BEGIN Exercise material

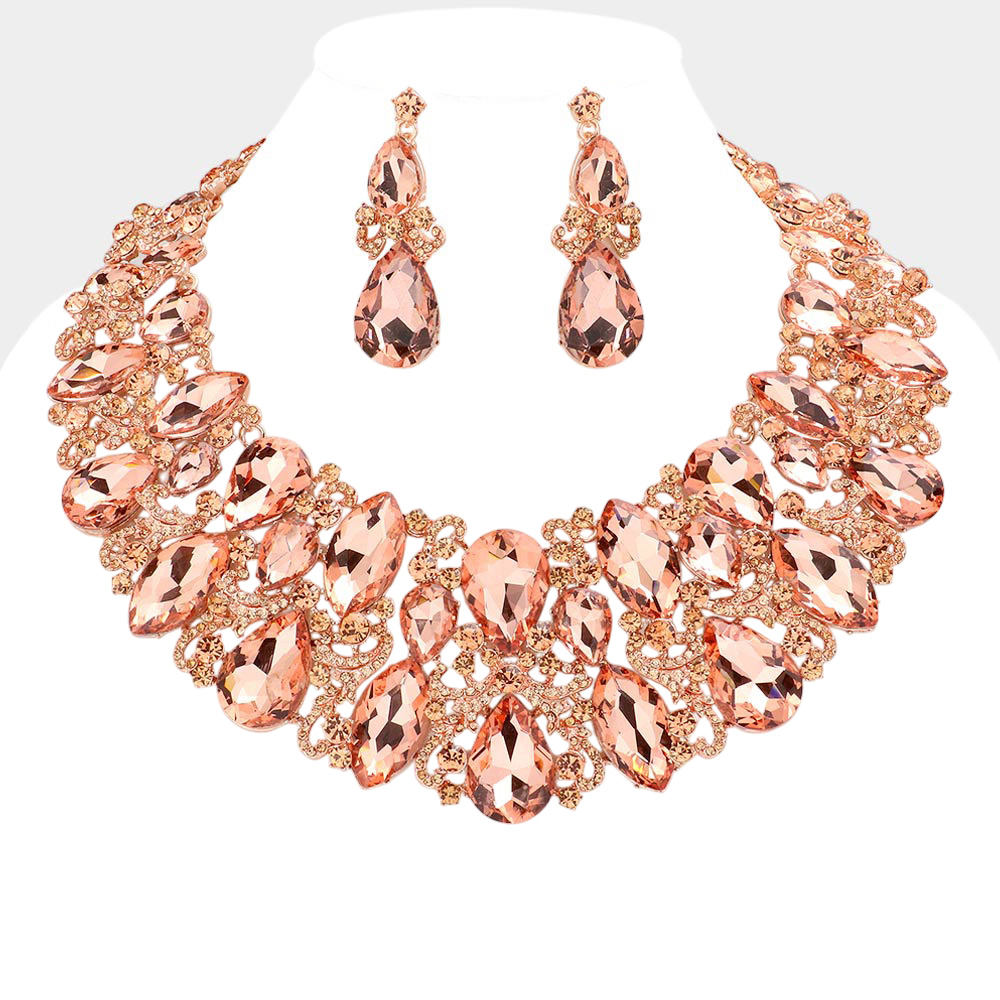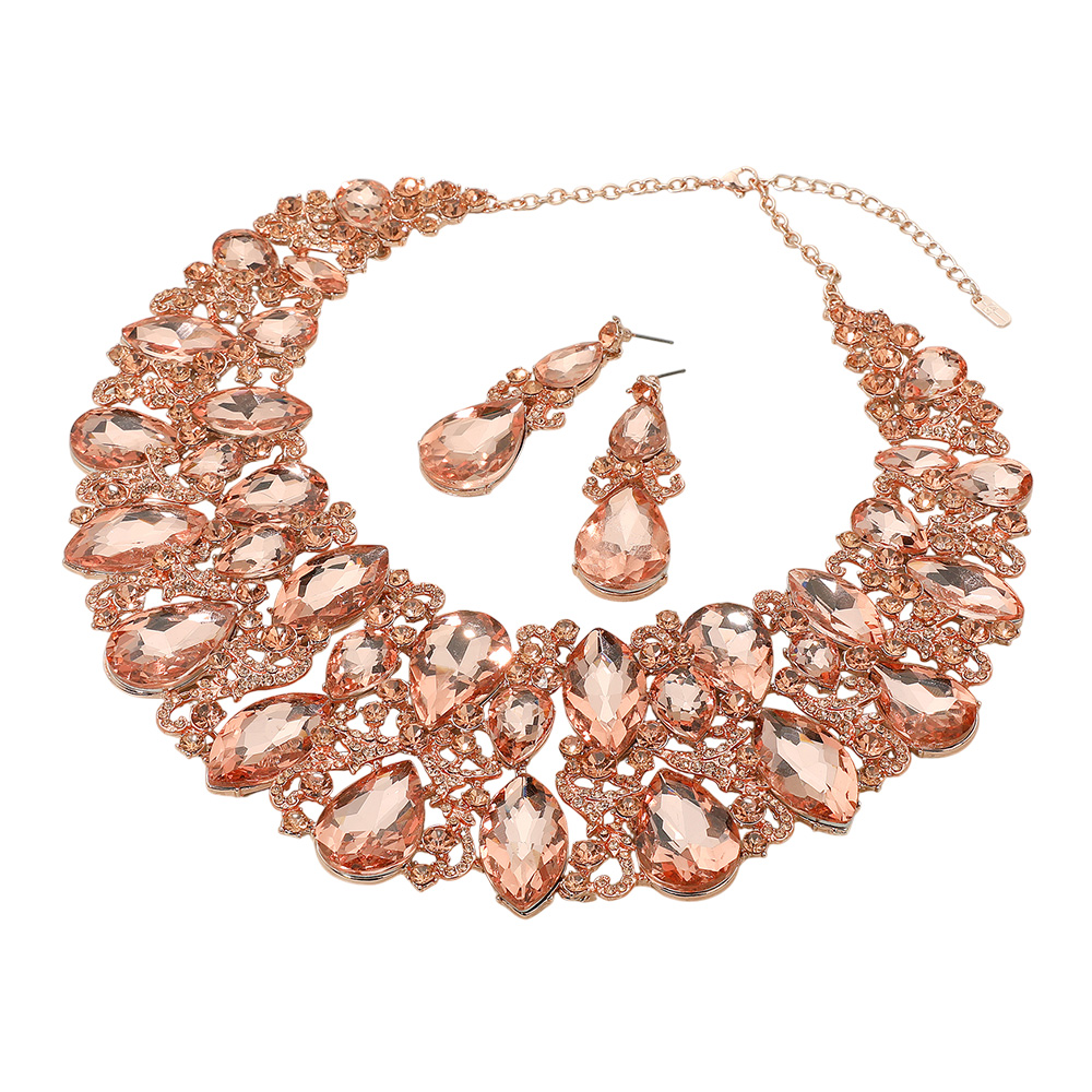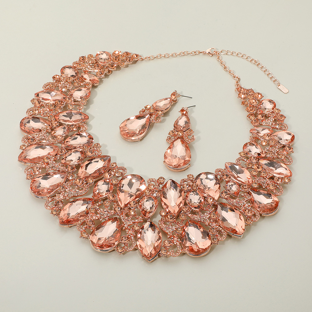 • This striking jewelry set features a statement necklace adorned with large, faceted gem accents, paired with matching drop earrings. Designed to turn heads, it’s perfect for adding glamorous sparkle to evening wear or special occasion outfits.
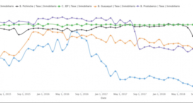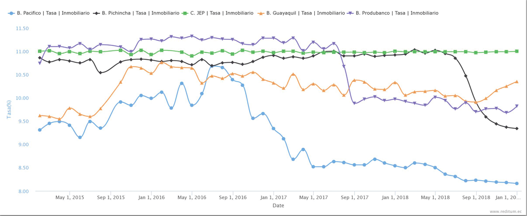 La entidad que realiza los préstamos inmobiliarios más baratos es Banco del Pacífico. La tasa a la que desembolsó durante diciembre 2018 fue de 8.16%, siendo la más baja para el período analizado entre las cinco entidades.
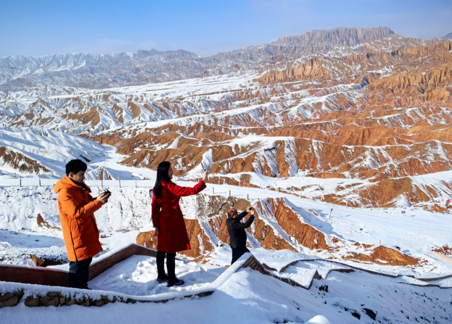 12月25日,在吐鲁番火云谷景区,游客在拍摄欣赏火焰山银装素裹的美景。火焰山横卧于吐鲁番盆地,盛夏酷热似火,冬季披上“银装”的火焰山分外妖娆,景色迷人。吐鲁番市融媒体中心记者刘健刘宇杰摄
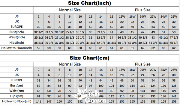 | US Size | UK Size | Bust | Waist | Hips | Hollow to Floor With Shoes On |
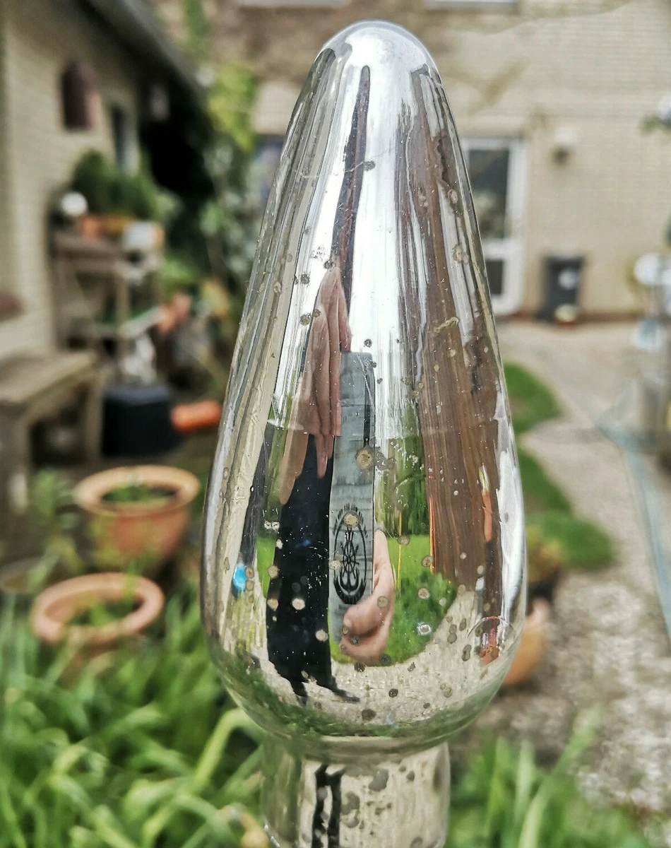Glaskugel Gartendeko Kugel Obelisk silber Rosenkugel Glas Antik
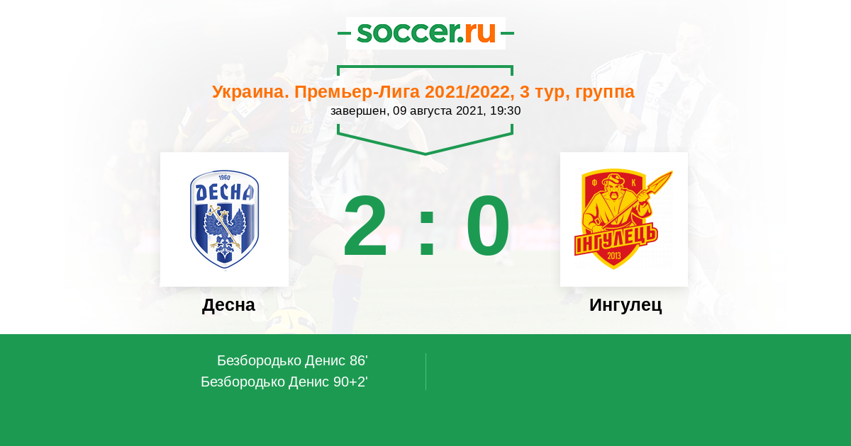 Протокол матча Десна против Ингулец
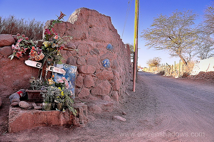 There are many roadside shrines in the Atacama Desert, signifying that someone has died here. Disconcertingly, many of them on the highways exist on straight lengths of the highway. |
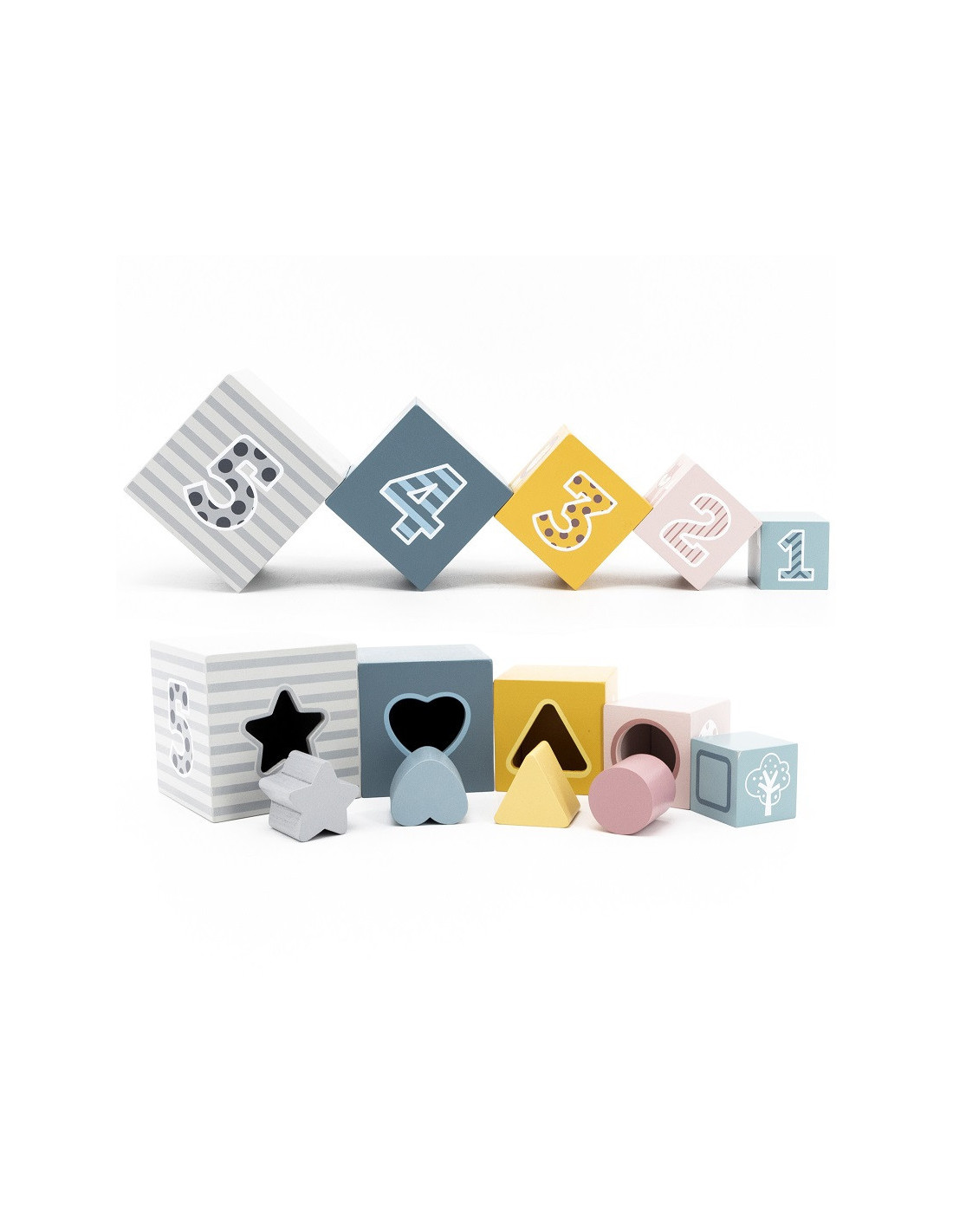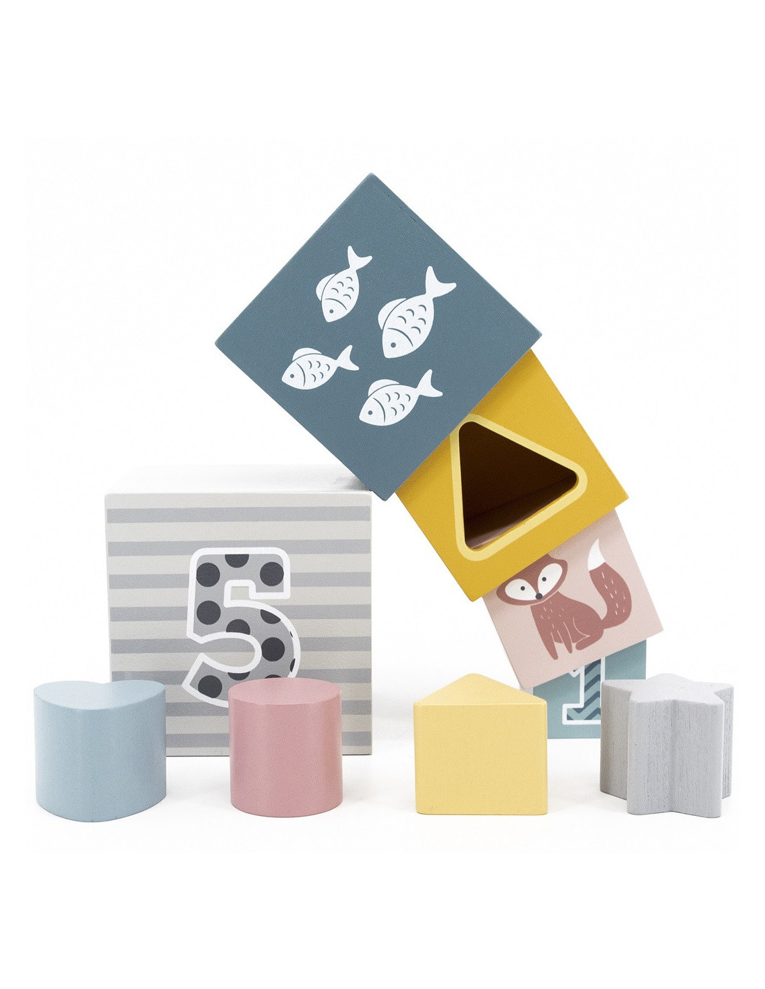 - - the set consists of 5 boxes of different sizes and 4 blocks of different geometric shapes,

END Exercise material

▸ **Aim of the task**
Print all the material above exactly, and drop the images.

▸ **Solved problem**
 • This striking jewelry set features a statement necklace adorned with large, faceted gem accents, paired with matching drop earrings. Designed to turn heads, it’s perfect for adding glamorous sparkle to evening wear or special occasion outfits.
 La entidad que realiza los préstamos inmobiliarios más baratos es Banco del Pacífico. La tasa a la que desembolsó durante diciembre 2018 fue de 8.16%, siendo la más baja para el período analizado entre las cinco entidades.
 12月25日,在吐鲁番火云谷景区,游客在拍摄欣赏火焰山银装素裹的美景。火焰山横卧于吐鲁番盆地,盛夏酷热似火,冬季披上“银装”的火焰山分外妖娆,景色迷人。吐鲁番市融媒体中心记者刘健刘宇杰摄
 | US Size | UK Size | Bust | Waist | Hips | Hollow to Floor With Shoes On |
Glaskugel Gartendeko Kugel Obelisk silber Rosenkugel Glas Antik
 Протокол матча Десна против Ингулец
 There are many roadside shrines in the Atacama Desert, signifying that someone has died here. Disconcertingly, many of them on the highways exist on straight lengths of the highway. |
 - - the set consists of 5 boxes of different sizes and 4 blocks of different geometric shapes,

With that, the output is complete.